• WHAT TO PRODUCE: Reproduce from the records below, with no pictures, exactly the lines between the one containing "Ce qui m'a impressionné" and the one containing "- innovamulsin® Vitamin", inclusive.

• ENTRIES PROVIDED:
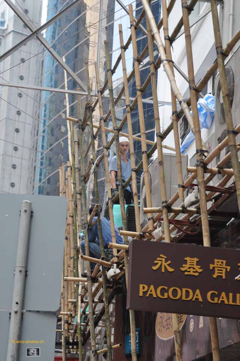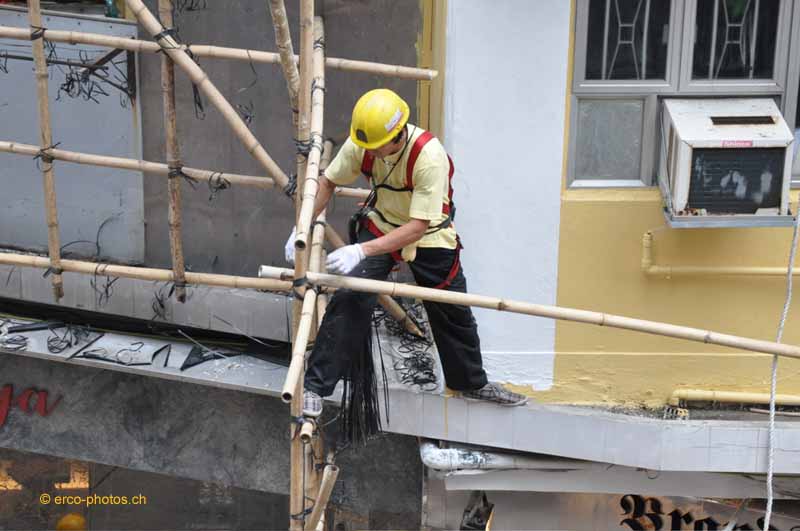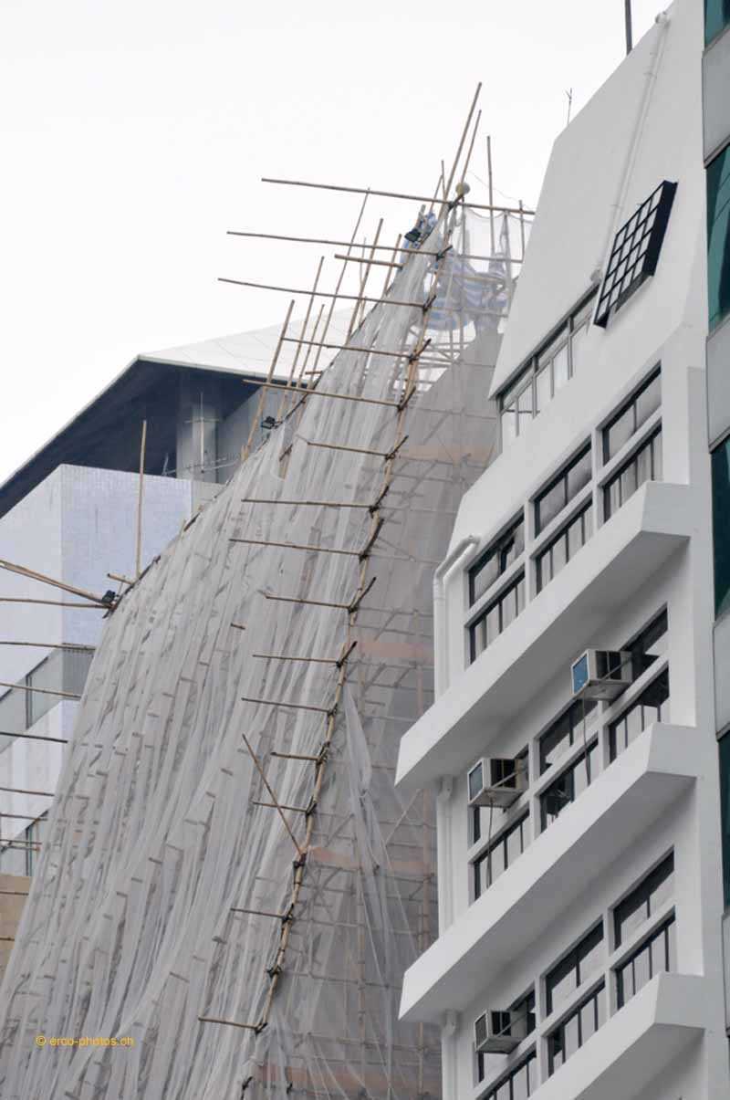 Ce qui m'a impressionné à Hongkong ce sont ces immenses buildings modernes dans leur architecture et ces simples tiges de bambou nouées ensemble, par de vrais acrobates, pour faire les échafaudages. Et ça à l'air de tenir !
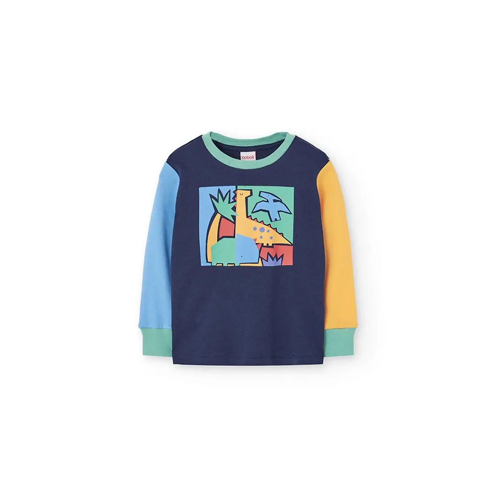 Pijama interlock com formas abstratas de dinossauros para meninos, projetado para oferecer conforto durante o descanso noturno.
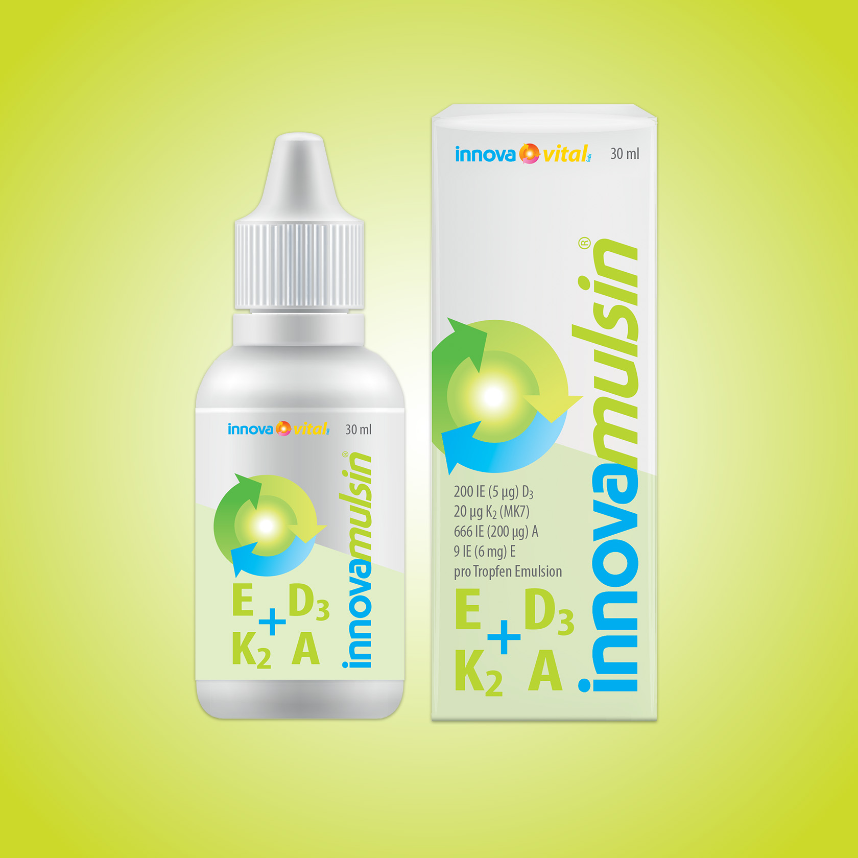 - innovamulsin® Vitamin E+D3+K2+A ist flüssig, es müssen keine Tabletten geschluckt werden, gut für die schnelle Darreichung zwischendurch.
==
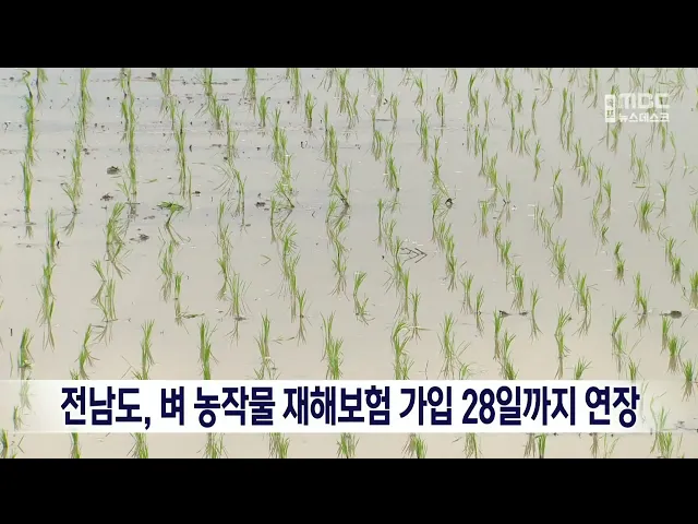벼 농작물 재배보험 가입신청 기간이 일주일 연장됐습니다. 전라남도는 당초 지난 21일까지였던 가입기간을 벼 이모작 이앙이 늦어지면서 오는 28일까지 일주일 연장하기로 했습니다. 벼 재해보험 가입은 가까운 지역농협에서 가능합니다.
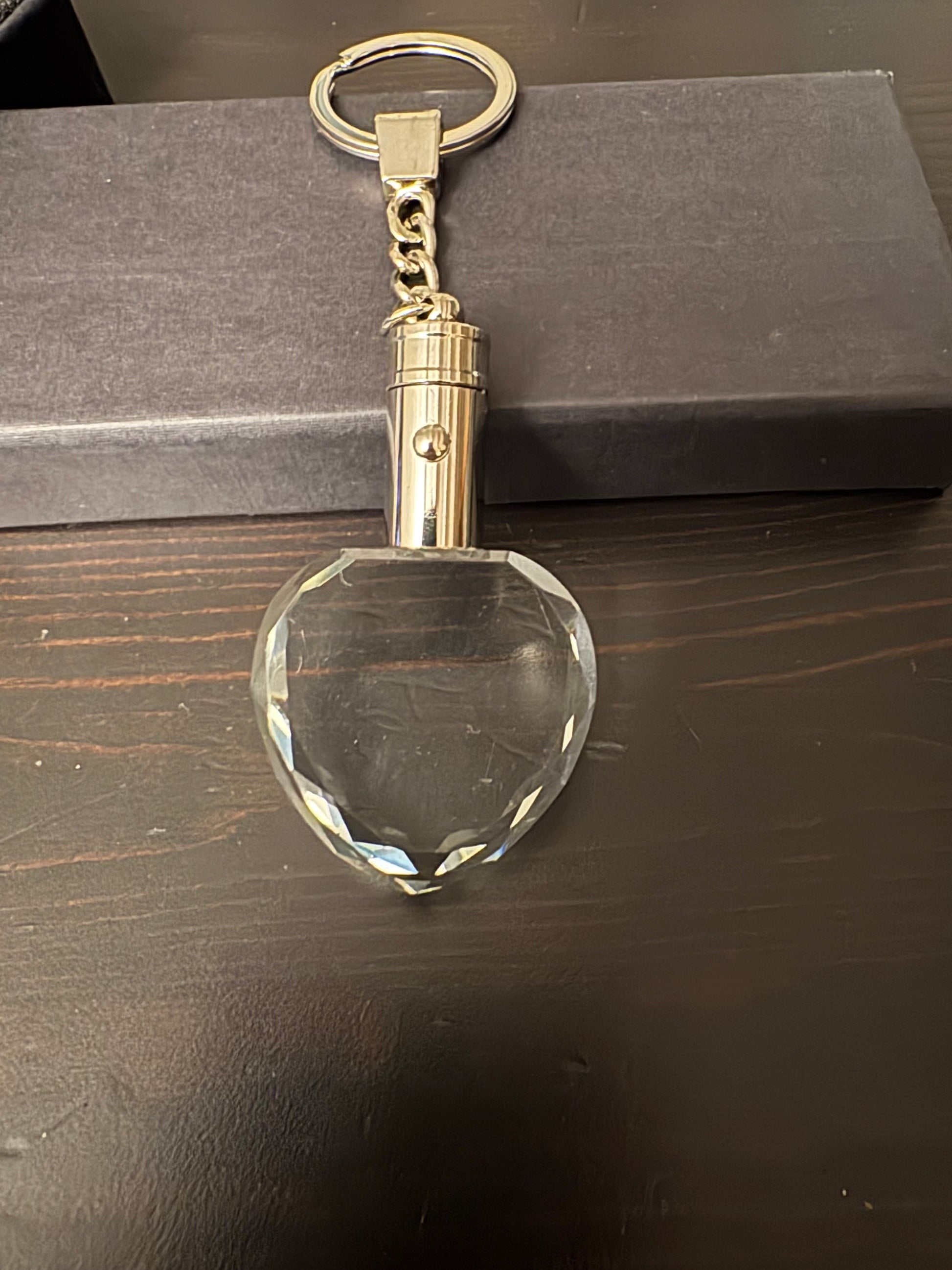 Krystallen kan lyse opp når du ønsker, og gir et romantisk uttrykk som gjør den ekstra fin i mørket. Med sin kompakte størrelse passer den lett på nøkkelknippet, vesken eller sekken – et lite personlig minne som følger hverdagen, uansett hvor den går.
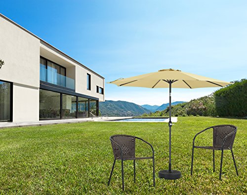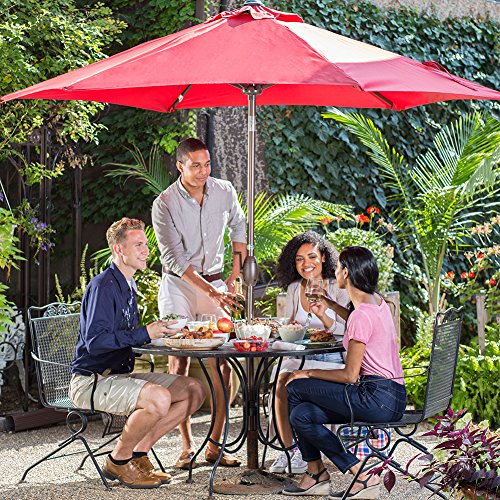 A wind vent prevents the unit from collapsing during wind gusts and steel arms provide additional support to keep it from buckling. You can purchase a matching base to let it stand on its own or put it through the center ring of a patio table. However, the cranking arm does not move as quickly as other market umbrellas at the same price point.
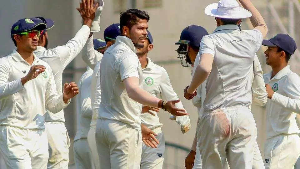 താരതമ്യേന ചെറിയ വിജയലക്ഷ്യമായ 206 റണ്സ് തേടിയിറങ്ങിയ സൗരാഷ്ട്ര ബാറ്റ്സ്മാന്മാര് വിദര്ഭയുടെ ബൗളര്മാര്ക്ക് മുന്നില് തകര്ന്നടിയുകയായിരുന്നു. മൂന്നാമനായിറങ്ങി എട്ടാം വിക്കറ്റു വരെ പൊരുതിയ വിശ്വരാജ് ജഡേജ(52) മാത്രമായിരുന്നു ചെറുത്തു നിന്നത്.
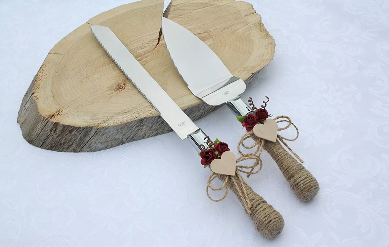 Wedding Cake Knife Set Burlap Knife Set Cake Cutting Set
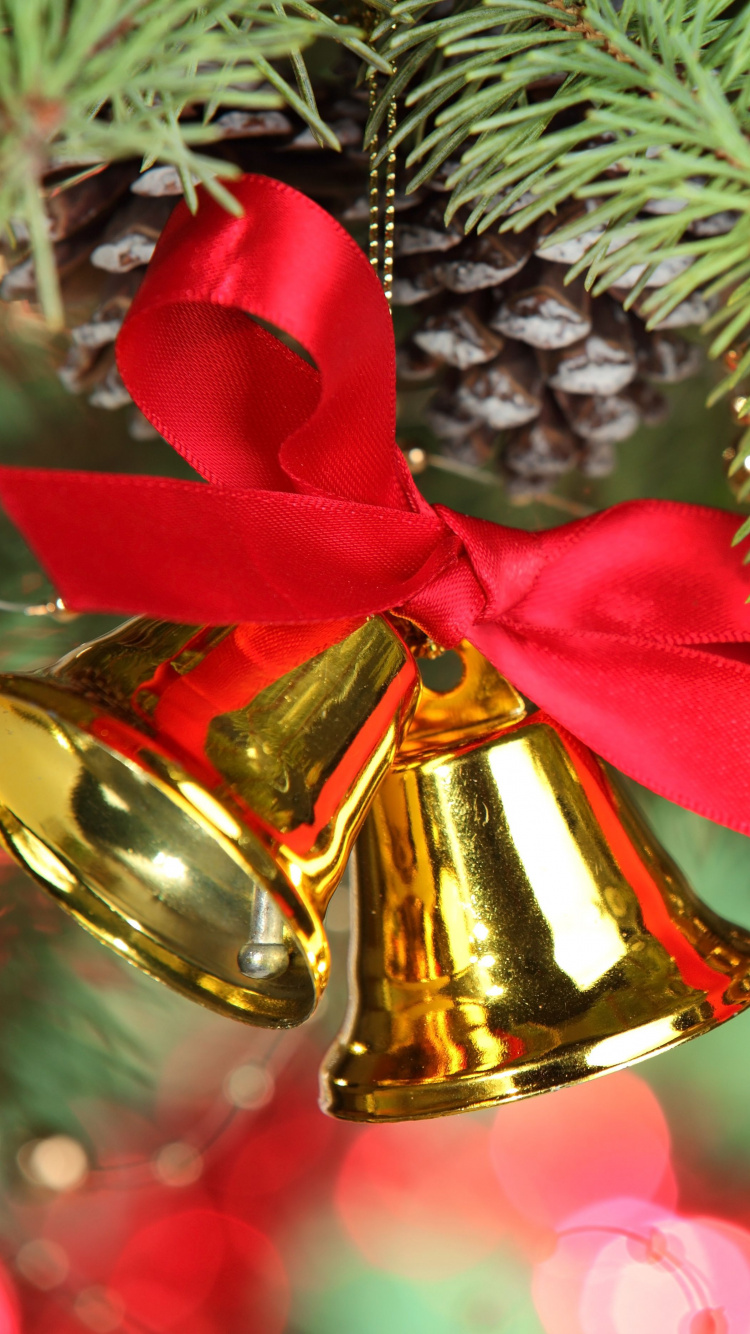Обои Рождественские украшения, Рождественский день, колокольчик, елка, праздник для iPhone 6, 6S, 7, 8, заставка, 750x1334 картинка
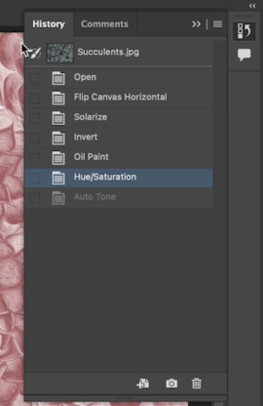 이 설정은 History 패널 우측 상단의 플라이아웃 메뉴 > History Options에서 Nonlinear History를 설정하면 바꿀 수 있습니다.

• EXERCISE RESULT:
 Ce qui m'a impressionné à Hongkong ce sont ces immenses buildings modernes dans leur architecture et ces simples tiges de bambou nouées ensemble, par de vrais acrobates, pour faire les échafaudages. Et ça à l'air de tenir !
 Pijama interlock com formas abstratas de dinossauros para meninos, projetado para oferecer conforto durante o descanso noturno.
 - innovamulsin® Vitamin E+D3+K2+A ist flüssig, es müssen keine Tabletten geschluckt werden, gut für die schnelle Darreichung zwischendurch.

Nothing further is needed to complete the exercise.